=== WORK INSTRUCTIONS ===
In the records that come next, find every line with "night". Return those lines.

=== THE RECORDS ===
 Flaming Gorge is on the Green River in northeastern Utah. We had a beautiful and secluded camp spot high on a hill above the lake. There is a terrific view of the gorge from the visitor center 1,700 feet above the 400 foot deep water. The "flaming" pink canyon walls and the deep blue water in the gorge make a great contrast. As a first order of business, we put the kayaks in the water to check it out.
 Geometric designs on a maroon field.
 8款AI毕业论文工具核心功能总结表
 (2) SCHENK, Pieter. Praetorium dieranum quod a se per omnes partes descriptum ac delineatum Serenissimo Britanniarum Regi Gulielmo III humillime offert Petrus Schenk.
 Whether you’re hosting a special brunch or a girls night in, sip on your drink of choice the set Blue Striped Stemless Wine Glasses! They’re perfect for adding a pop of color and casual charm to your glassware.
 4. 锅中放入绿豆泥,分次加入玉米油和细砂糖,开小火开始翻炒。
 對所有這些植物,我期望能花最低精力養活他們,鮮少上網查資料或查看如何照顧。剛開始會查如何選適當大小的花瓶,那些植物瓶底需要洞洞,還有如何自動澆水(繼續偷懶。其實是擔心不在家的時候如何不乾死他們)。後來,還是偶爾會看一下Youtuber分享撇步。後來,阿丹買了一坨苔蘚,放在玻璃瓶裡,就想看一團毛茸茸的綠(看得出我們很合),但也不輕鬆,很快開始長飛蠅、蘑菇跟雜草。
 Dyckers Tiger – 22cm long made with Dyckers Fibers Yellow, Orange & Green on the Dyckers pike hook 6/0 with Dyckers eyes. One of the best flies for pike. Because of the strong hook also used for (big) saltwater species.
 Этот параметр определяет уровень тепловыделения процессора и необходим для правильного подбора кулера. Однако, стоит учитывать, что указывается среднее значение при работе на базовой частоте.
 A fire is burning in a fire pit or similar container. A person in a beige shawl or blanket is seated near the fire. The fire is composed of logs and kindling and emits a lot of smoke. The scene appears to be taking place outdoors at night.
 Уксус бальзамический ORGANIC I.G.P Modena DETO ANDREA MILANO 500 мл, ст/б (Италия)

--

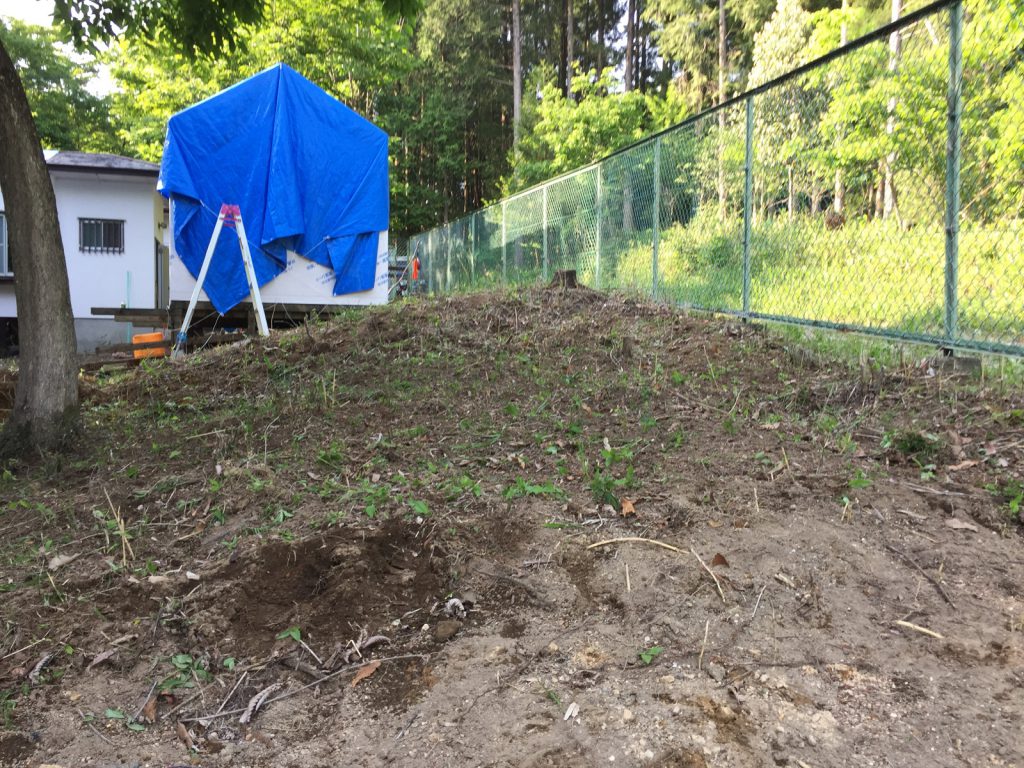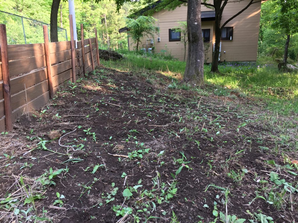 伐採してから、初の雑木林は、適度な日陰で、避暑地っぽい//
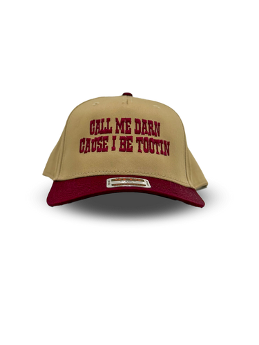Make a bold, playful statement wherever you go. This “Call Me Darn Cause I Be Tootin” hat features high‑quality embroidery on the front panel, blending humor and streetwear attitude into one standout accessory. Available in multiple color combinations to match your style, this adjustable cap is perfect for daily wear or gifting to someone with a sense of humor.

=== ANSWER TO THE EXERCISE ===
 Whether you’re hosting a special brunch or a girls night in, sip on your drink of choice the set Blue Striped Stemless Wine Glasses! They’re perfect for adding a pop of color and casual charm to your glassware.
 A fire is burning in a fire pit or similar container. A person in a beige shawl or blanket is seated near the fire. The fire is composed of logs and kindling and emits a lot of smoke. The scene appears to be taking place outdoors at night.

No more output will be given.